Indulging herself for a national audience on CPAC and on conservative talk shows, as Ms. Tshibaka has done, could hurt her chances in the August primary. The Democrat who took on Republican incumbent Senator Dan Sullivan in 2020, Dr. Al Gross, found out much to his chagrin. Hosting Zoom calls from his Airstream, courting donors across the country, he raised $19 million, the highest take of any Alaskan Senate candidate. But at election time, the national exposure seemed to hinder more than help; Dr. Gross lost to Mr. Sullivan by 13 percentage points.
Ms. Murkowski is playing a different game.

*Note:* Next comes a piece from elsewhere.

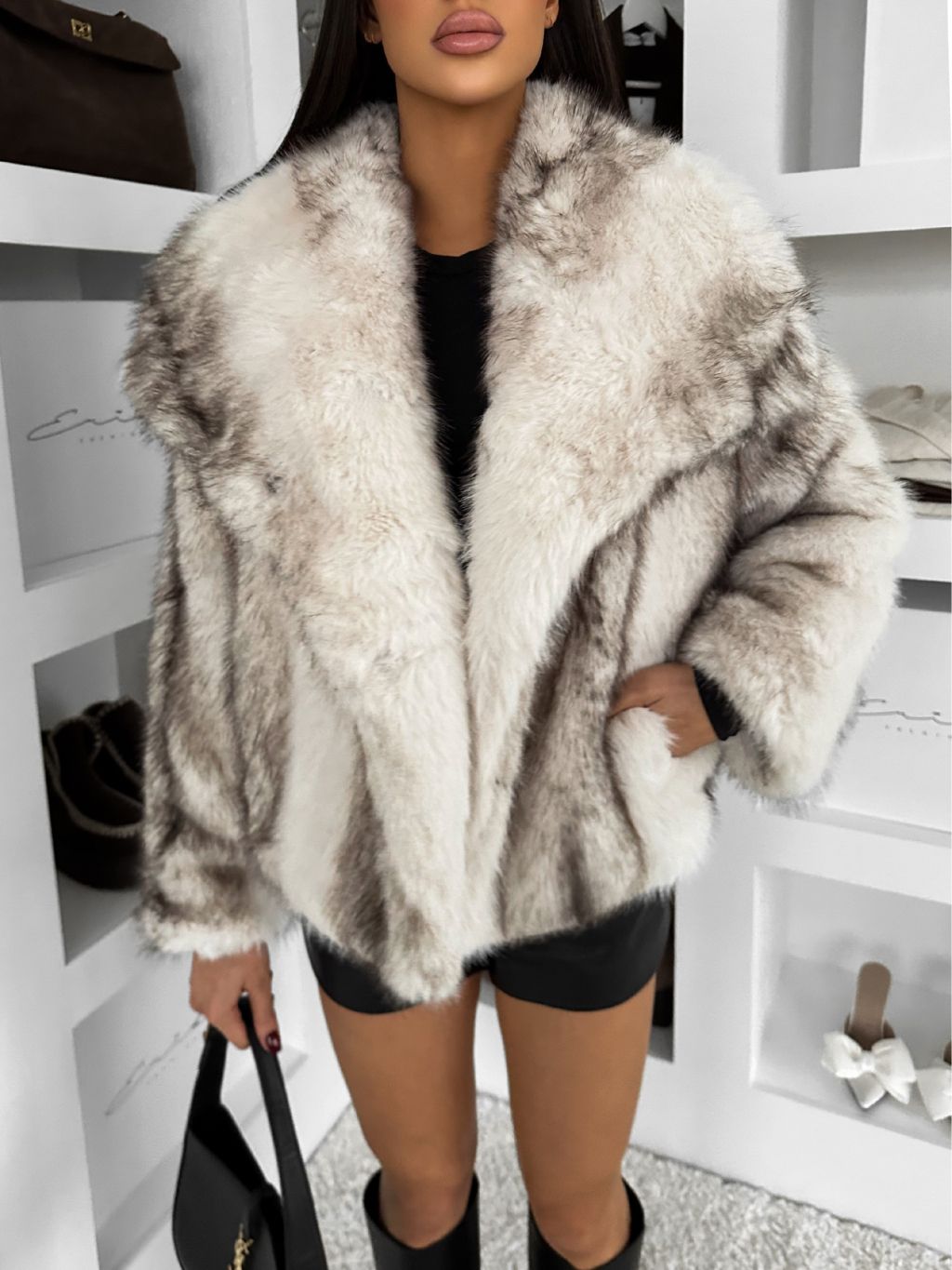 Biely kožušinový melírovaný faux fur kabátik AVELURE

If history is any guide, she’ll soon arrive at the little airport here in Sitka dressed in fleece and denim, ready to gobble up some wilted iceberg lettuce at the Chamber of Commerce luncheon, pumping her hands with the ‘cut, kill , dig, drill ‘good ol’ flannel boys at Orion Sporting Goods, dancing at Native celebrations.
While I don’t always agree with her, when I watch her work in a play, it’s hard to take seriously Mr. Trump’s prediction that voters in Alaska won’t forgive him. The more relevant question seems to be whether Ms Murkowski will forgive him. “I’ll tell you, if the Republican Party has become nothing more than Trump’s party, I sincerely wonder if this is the party for me,” she said shortly after the Capitol riot .
The idea that Mr. Trump could fly to Alaska and shoot it down, like he has so many others, might actually win votes for Ms. Murkowski. One thing he might find out in the attempt: He doesn’t have the first idea of the values of this state he’s only visited during refueling stops on Air Force One – proximity to land, blood , the noise made by shards of ice on a pane 40 below. All of this could play curiosity or nostalgia in the Lower 48. But it’s real here.
We don’t need more greatness in Alaska – just someone who understands what we already have and is brave enough to defend it against those who don’t.